*** Opening THE DATA ***
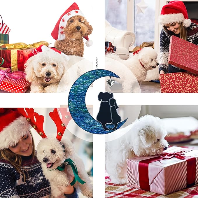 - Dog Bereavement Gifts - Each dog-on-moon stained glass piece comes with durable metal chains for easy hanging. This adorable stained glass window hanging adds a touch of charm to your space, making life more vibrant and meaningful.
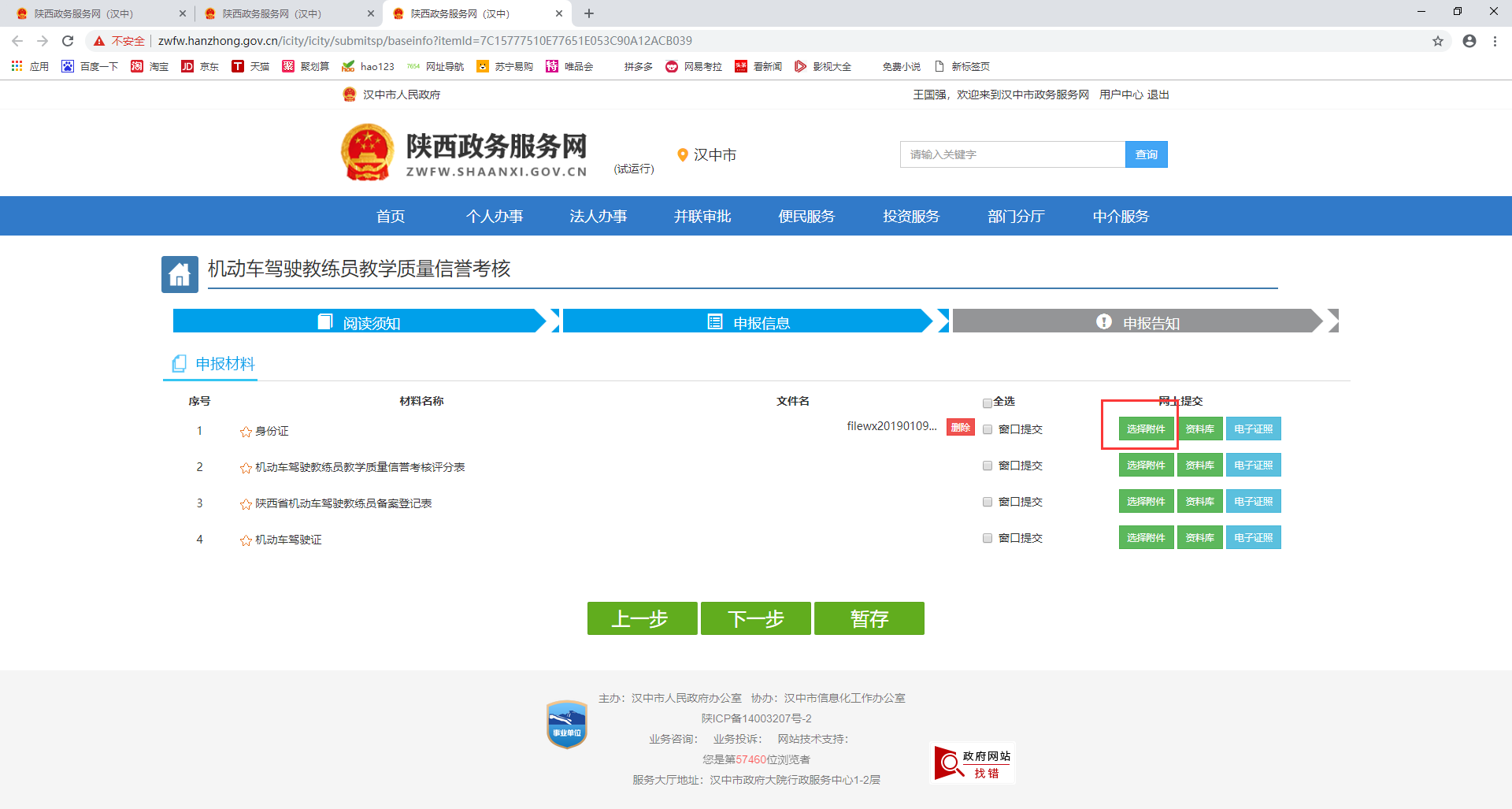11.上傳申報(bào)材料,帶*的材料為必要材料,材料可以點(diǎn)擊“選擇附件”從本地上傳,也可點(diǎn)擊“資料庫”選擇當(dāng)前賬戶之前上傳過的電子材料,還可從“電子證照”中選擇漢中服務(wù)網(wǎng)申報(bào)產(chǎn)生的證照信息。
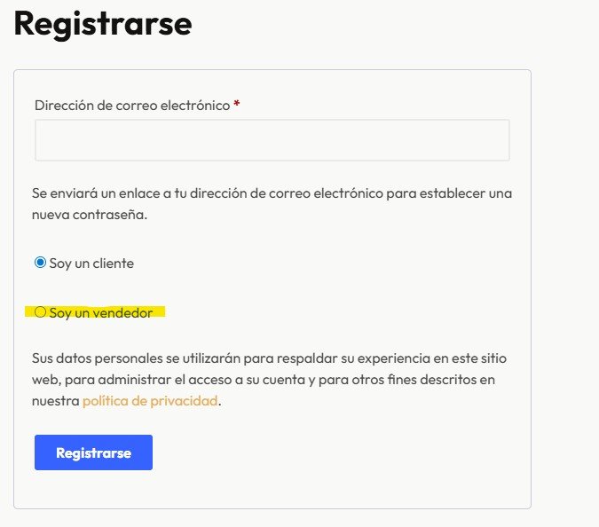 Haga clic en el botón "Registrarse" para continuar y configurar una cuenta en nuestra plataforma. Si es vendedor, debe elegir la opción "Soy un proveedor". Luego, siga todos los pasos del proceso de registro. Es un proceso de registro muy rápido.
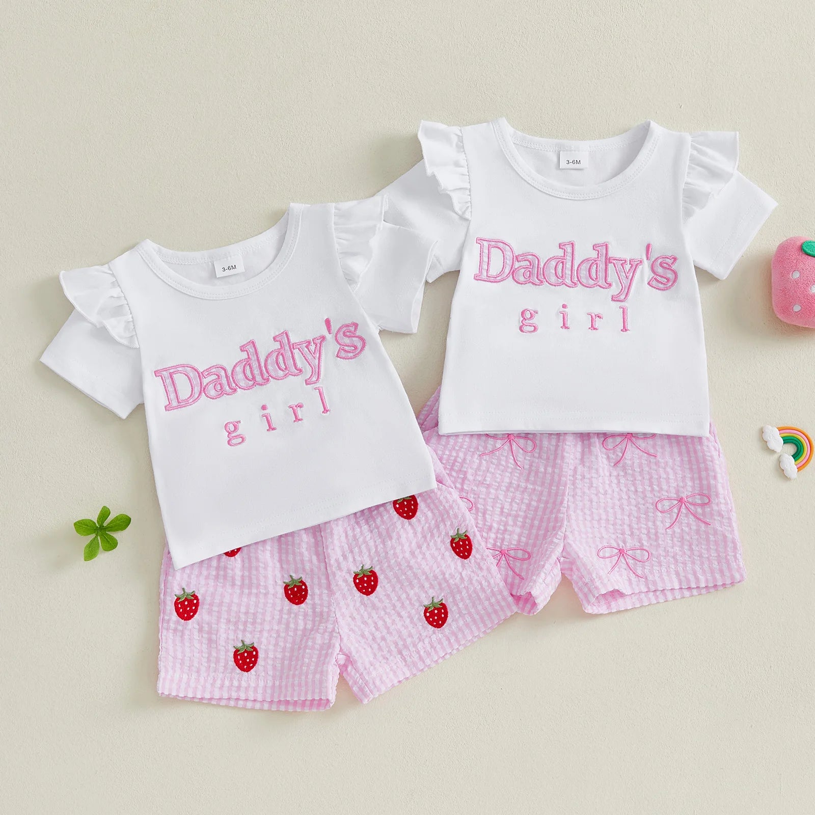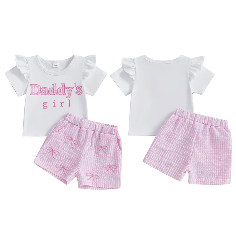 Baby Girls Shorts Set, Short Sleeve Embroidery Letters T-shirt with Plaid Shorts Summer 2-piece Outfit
*** Closing THE DATA ***
## TASK TO CARRY OUT
Each line of the data above must be repeated exactly, images excluded.

## SOLUTION TO THE EXERCISE
 - Dog Bereavement Gifts - Each dog-on-moon stained glass piece comes with durable metal chains for easy hanging. This adorable stained glass window hanging adds a touch of charm to your space, making life more vibrant and meaningful.
11.上傳申報(bào)材料,帶*的材料為必要材料,材料可以點(diǎn)擊“選擇附件”從本地上傳,也可點(diǎn)擊“資料庫”選擇當(dāng)前賬戶之前上傳過的電子材料,還可從“電子證照”中選擇漢中服務(wù)網(wǎng)申報(bào)產(chǎn)生的證照信息。
 Haga clic en el botón "Registrarse" para continuar y configurar una cuenta en nuestra plataforma. Si es vendedor, debe elegir la opción "Soy un proveedor". Luego, siga todos los pasos del proceso de registro. Es un proceso de registro muy rápido.
 Baby Girls Shorts Set, Short Sleeve Embroidery Letters T-shirt with Plaid Shorts Summer 2-piece Outfit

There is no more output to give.